The yield on the Japanese government benchmark 10-year bond rose 2 basis points to 1.03 percent as of 11:06 a.m. in Tokyo. The extra yield that 10-year U.S. Treasuries pay over similar- maturity Japanese debt increased to 135.9 basis points, and has widened from 90 basis points at the start of the month.
The yen traded at 75.86 against the dollar as of 11:45 a.m. in Tokyo, after European leaders agreed to expand a rescue fund for indebted nations and reached an accord with lenders on writedowns for Greek debt. Japan’s currency strengthened to an all-time high of 75.66 yesterday.
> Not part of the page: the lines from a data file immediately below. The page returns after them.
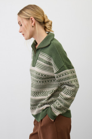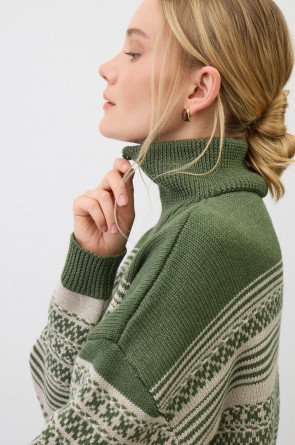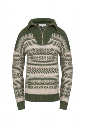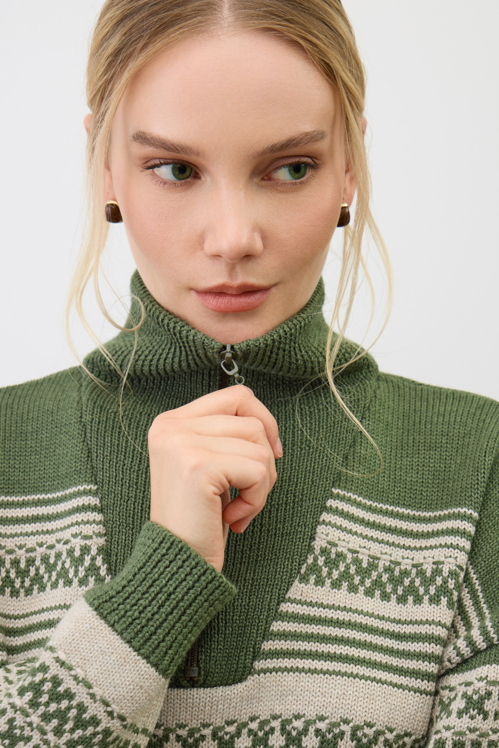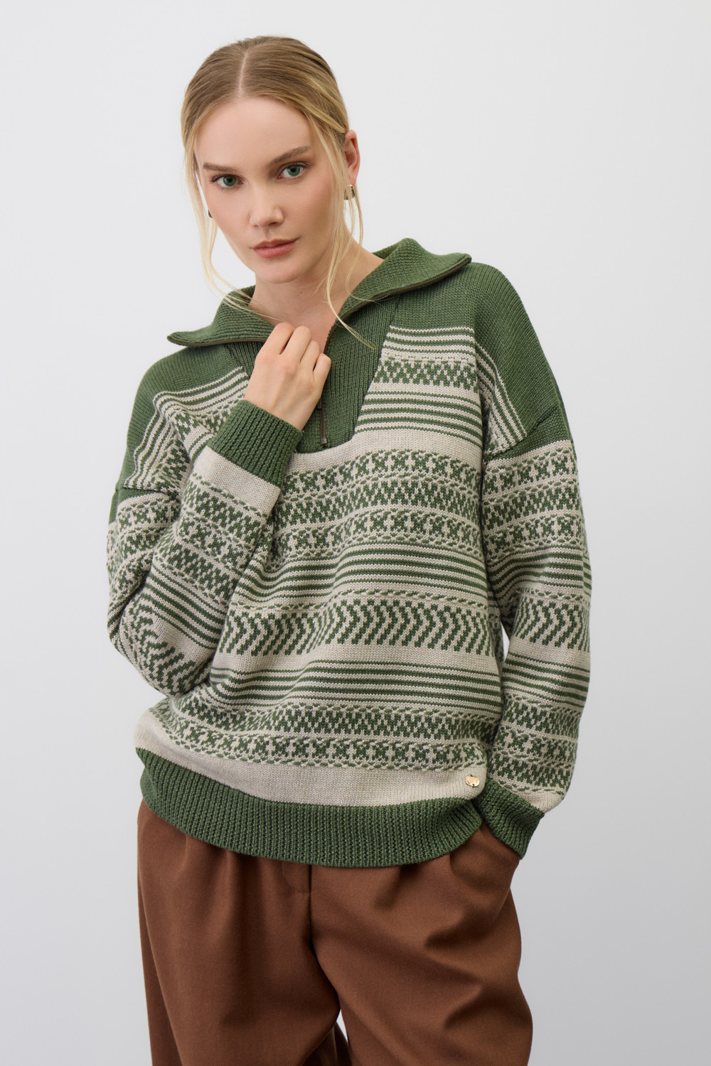 Изысканный джемпер в скандинавском стиле создан из высококачественной пряжи с применением передовой технологии смешанных волокон. Тонкое сочетание шерсти и акрила создает непревзойденный комфорт: модель мягко подчеркивает силуэт, обеспечивает нежное прикосновение и сохраняет безупречную посадку. Стильный воротник-стойка с элегантной застежкой-молнией завершает продуманный дизайн.
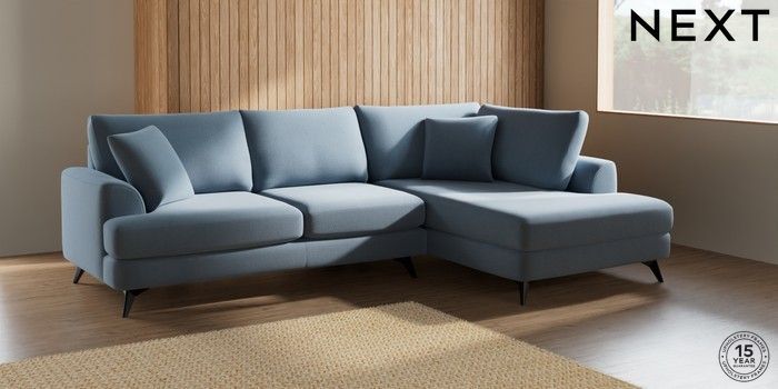 7.2.5 Buy Parker Medium Corner Chaise - Right Hand Relaxed Linen Look Mid Blue High Metal - Black from the Next UK online shop Click here to use our accessible website
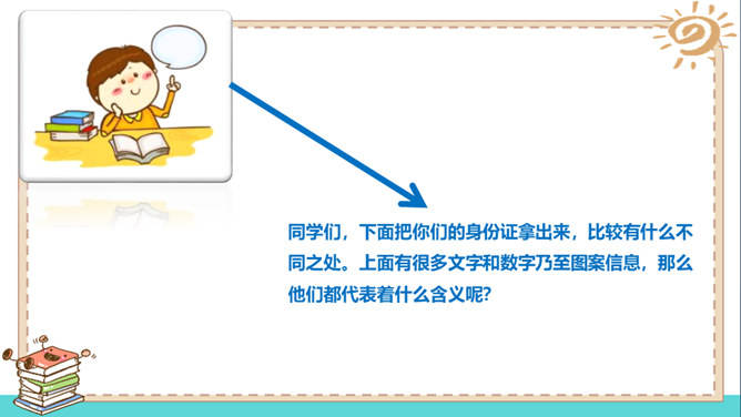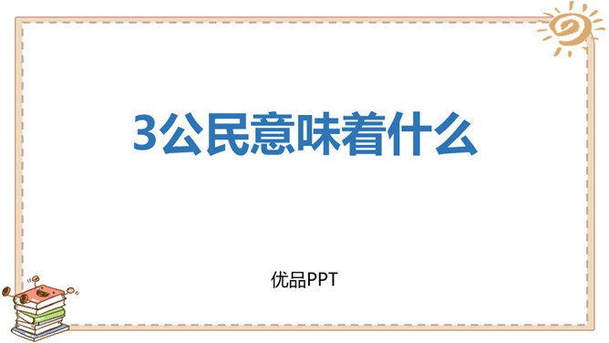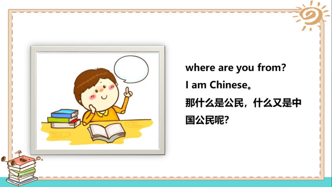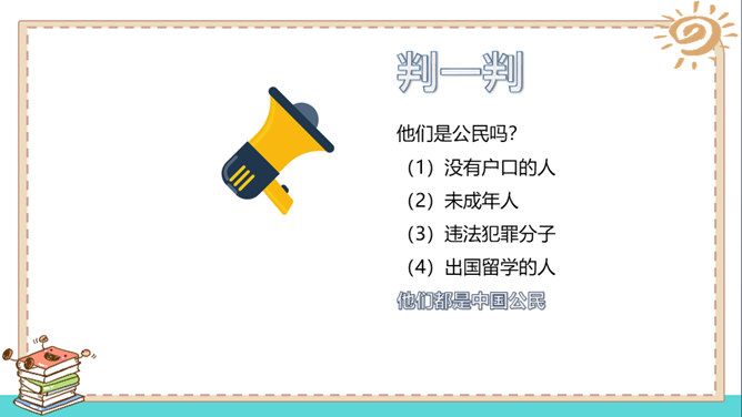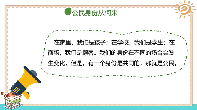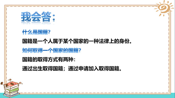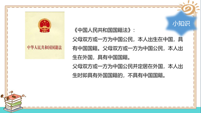 在家里,我们是孩子;在学校,我们是学生;在商场,我们是顾客。我们的身份在不同的场合会发生变化,但是,有一个身份是共同的,那就是公民。说一说:我们在不同的时间不同的场合都有自己特定的身份,请同学能举举例子。什么是国籍?国籍是一个人属于某个国家的一种法律上的身份。如何取得一个国家的国籍?国籍的取得方式有两种:通过出生取得国籍;通过申请加入取得国籍。所属专题:公民意味着什么ppt。

The cost of insuring Japanese corporate debt against non- payment declined today, according to credit-default swap traders. The Markit iTraxx Japan index fell 18 basis points to 157 as of 9:18 a.m. in Tokyo, Deutsche Bank AG prices show.
Olympus Chairman and President Tsuyoshi Kikukawa quit this week, 13 days after Michael C. Woodford was fired for challenging $687 million of fees paid in the 2008 takeover, while the company denied wrongdoing. Woodford made public a PricewaterhouseCoopers report he commissioned that details the allegation and said he will meet with the U.S. Federal Bureau of Investigation and submit documents related to the fees.
Shares of Olympus have declined 38 percent since Woodford, the 92-year-old company’s first non-Japanese president, was ousted Oct. 14. The stock jumped as much as 26 percent in Tokyo trading yesterday, following Kikukawa’s resignation.
Investors may become risk-averse as these scandals rock the borrowers, Fumihito Gotoh, head of Japan credit research at UBS Securities Japan Ltd., said in a phone interview from Tokyo yesterday. “Bond spreads of borrowers with weak credit quality are likely to widen,” he said.
Daio Paper Corp., Japan’s third-largest paper-maker, said last month its chairman stepped down after borrowing 5 billion yen from an affiliate. The Tokyo-based company at the time said it created a special commission to look into the matter and expects to release a report later this month.
Yields Daio’s 15 billion yen of 1.14 percent five-year notes due December 2015 jumped 119.7 basis points to 183.4 more than government bonds yesterday, from 63.7 before the resignation announcement on Sept. 16, Bloomberg data show. The spread on debt issued by global paper producers narrowed 51 to 266 in the period, Bank of America Merrill Lynch data show.
A former president of a unit company of Kintetsu Corp., a transportation services provider in the region that includes Osaka and Kyoto, was arrested for inflating company earnings and for illegal dividends, Kyodo News reported Oct. 25.
Credit-default swaps tied to the debt of Kintetsu soared to 393.8 basis points Oct. 26 from 290.2 Oct. 21, according to data provider CMA, which is owned by CME Group Inc., and compiles prices quoted by dealers in the privately negotiated market.
The contracts, which pay the buyer face value if a borrower fails to meet its obligations, fall as perceptions of creditworthiness improve and rise as they deteriorate. A basis point, or 0.01 percentage point, equals $1,000 annually on a contract protecting $10 million of bonds and loans.
Recent allegations against listed companies, including compensation paid to advisers on takeovers and unauthorized lending to a director, are “questions of compliance and management ethics at their most basic level,” the Tokyo Stock Exchange said in a statement this week without identifying any companies or investors. Domestic and overseas shareholders were concerned about “underlying problems in the quality of Japanese corporate governance,” according to the statement.